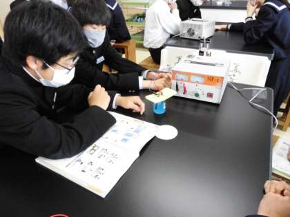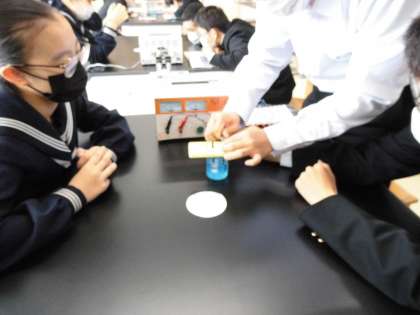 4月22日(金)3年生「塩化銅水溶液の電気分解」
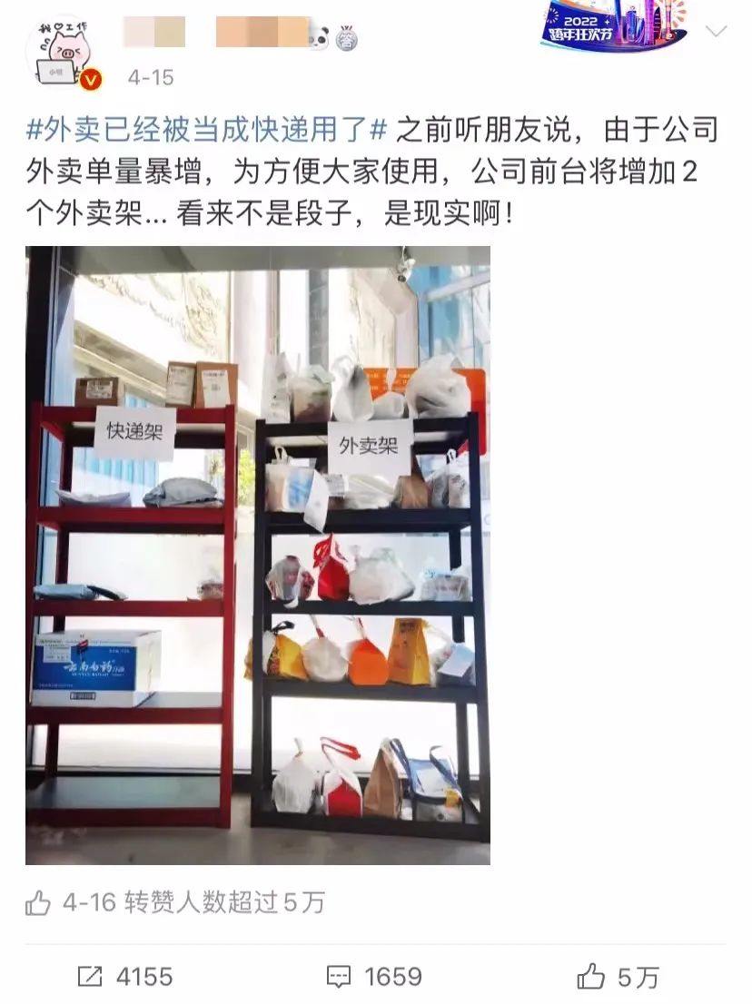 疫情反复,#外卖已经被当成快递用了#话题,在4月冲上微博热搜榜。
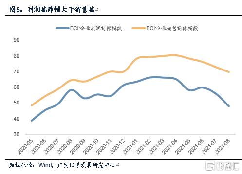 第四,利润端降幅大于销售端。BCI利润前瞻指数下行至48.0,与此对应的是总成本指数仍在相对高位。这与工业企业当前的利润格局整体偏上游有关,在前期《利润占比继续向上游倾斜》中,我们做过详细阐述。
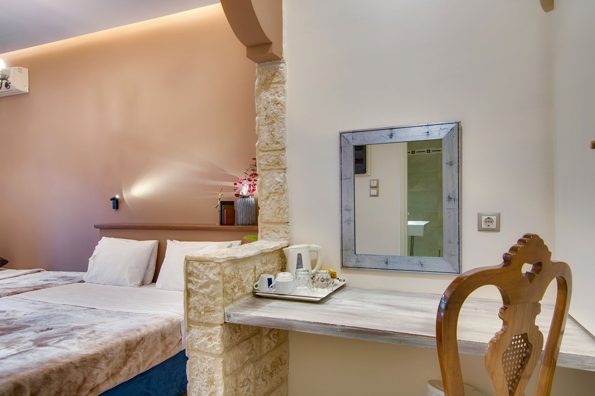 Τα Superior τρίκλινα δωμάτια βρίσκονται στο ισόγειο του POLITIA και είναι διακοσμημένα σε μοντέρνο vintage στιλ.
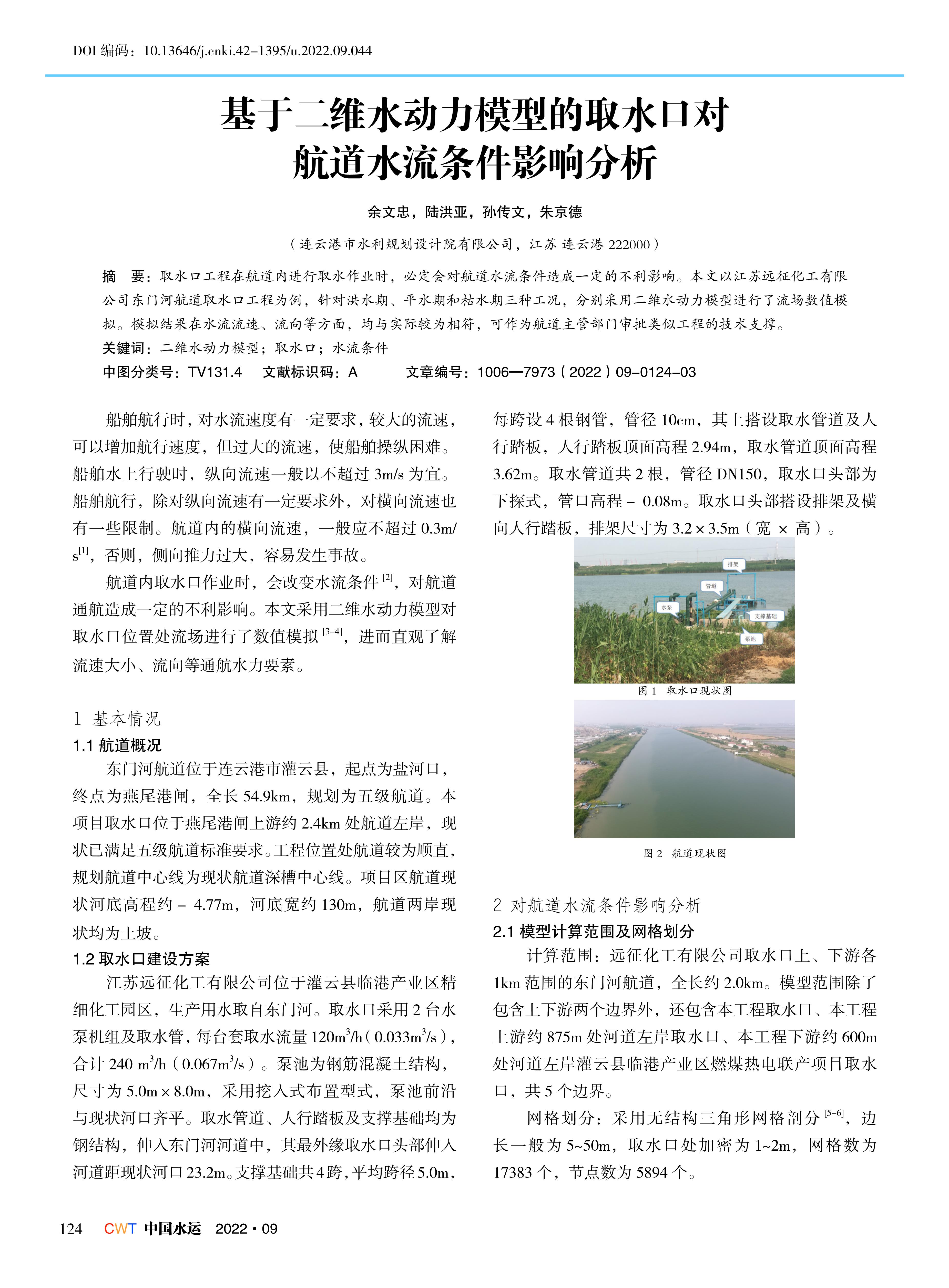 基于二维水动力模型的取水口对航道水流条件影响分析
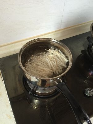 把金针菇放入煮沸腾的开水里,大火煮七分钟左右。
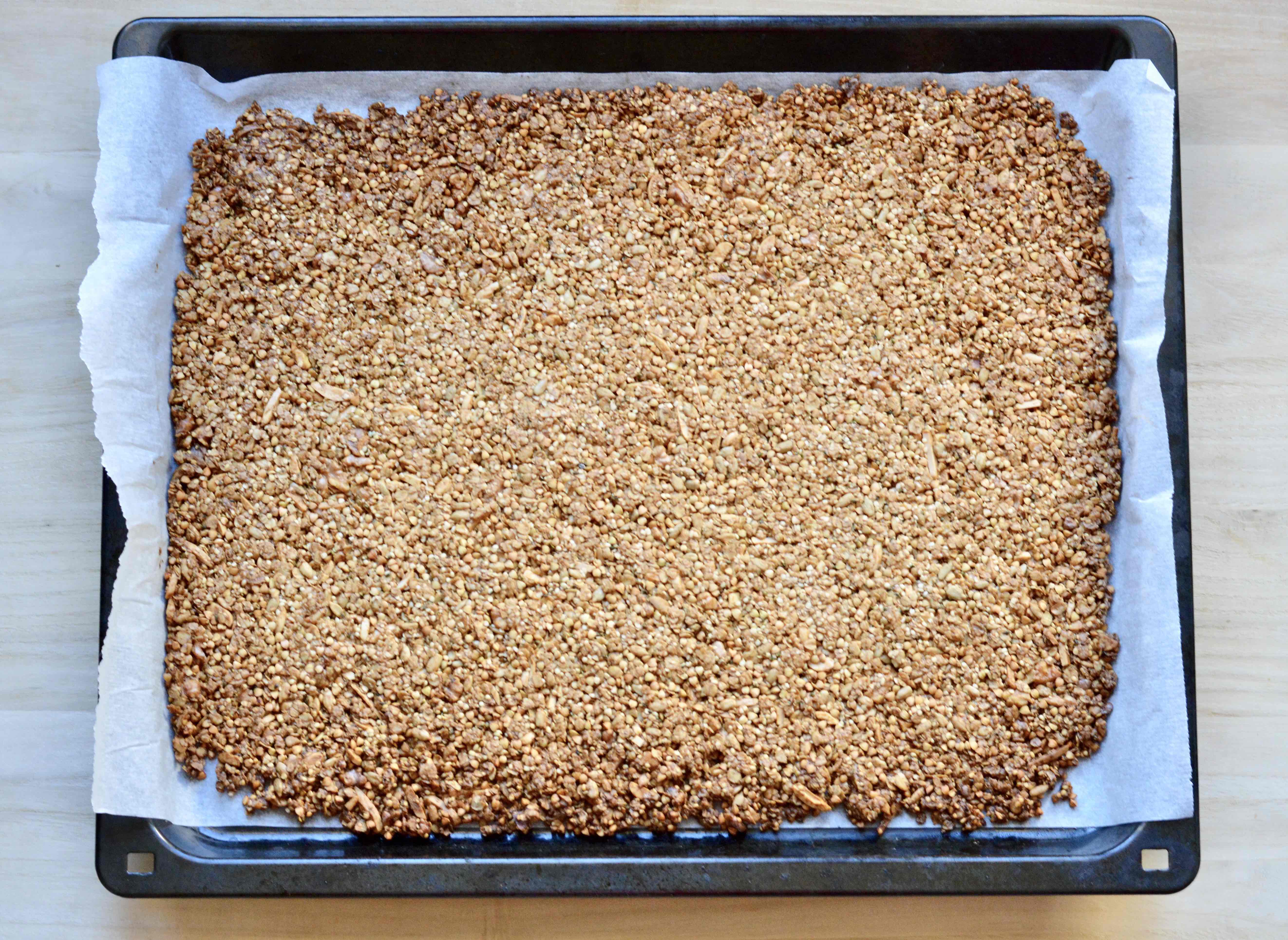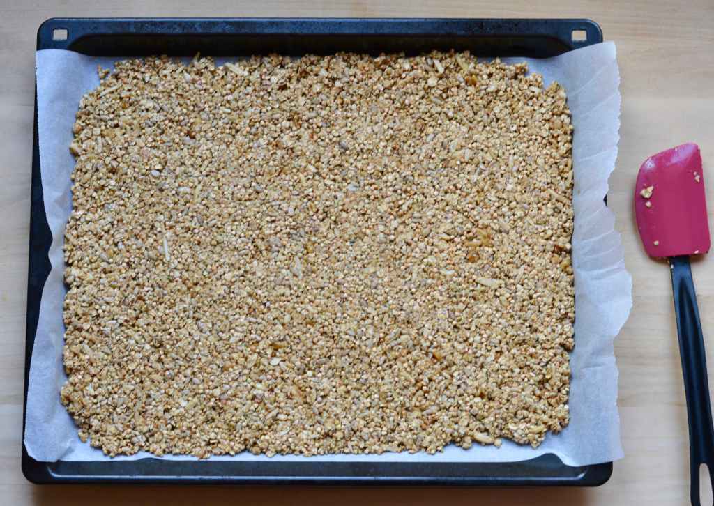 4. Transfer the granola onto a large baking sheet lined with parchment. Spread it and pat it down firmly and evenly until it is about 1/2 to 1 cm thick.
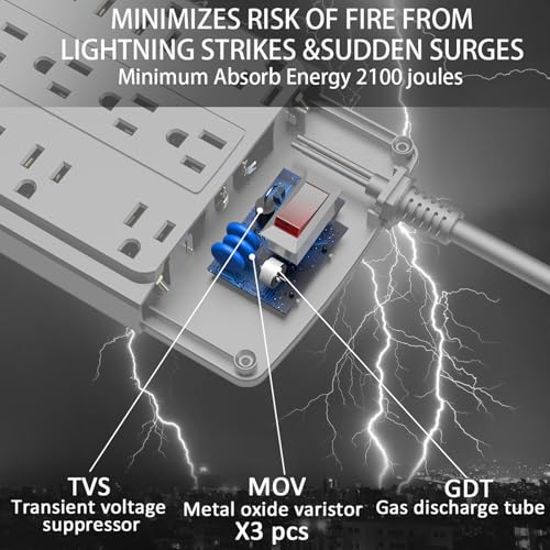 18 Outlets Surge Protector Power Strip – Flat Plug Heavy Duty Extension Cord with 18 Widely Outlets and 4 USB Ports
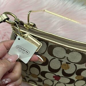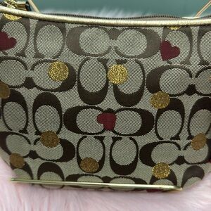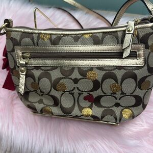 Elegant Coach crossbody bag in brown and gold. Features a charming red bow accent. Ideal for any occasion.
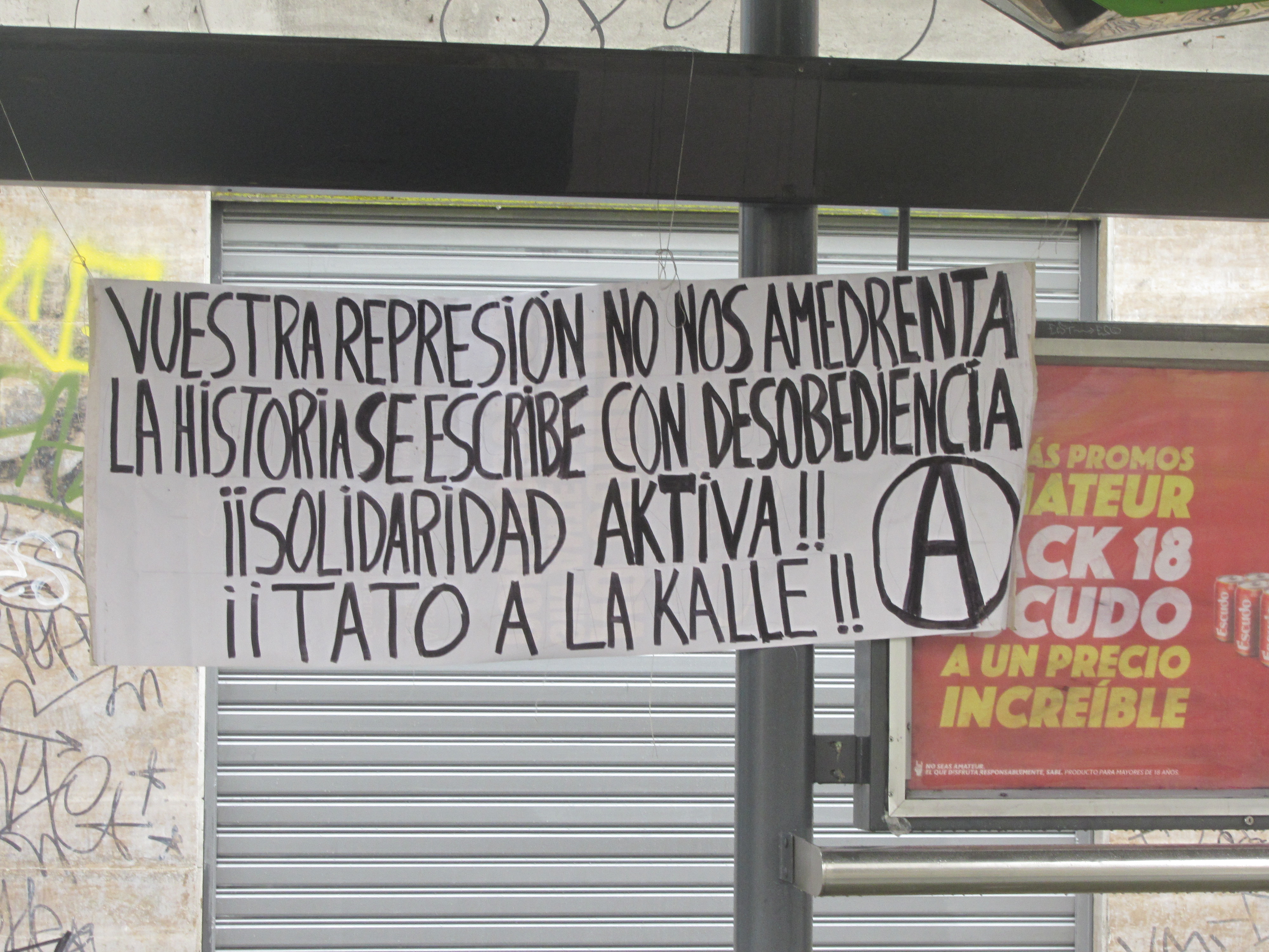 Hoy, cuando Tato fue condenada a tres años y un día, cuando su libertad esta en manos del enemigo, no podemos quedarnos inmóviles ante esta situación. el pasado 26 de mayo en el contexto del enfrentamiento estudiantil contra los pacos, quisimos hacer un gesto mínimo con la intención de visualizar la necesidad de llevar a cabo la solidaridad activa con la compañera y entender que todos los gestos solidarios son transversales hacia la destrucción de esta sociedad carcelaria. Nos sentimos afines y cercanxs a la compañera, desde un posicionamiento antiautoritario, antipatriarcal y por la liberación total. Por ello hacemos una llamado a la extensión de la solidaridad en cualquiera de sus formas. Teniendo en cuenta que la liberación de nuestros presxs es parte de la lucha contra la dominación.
_ _ _ _ _ _ _
» Your instructions
Transcribe, word for word, the lines of the listing above from the one that contains "把金针菇放入煮沸腾的开水里,大火煮七分钟左右。" through the one that contains "Elegant Coach crossbody", keeping both ends and dropping the pictures.

» Result of this task
 把金针菇放入煮沸腾的开水里,大火煮七分钟左右。
 4. Transfer the granola onto a large baking sheet lined with parchment. Spread it and pat it down firmly and evenly until it is about 1/2 to 1 cm thick.
 18 Outlets Surge Protector Power Strip – Flat Plug Heavy Duty Extension Cord with 18 Widely Outlets and 4 USB Ports
 Elegant Coach crossbody bag in brown and gold. Features a charming red bow accent. Ideal for any occasion.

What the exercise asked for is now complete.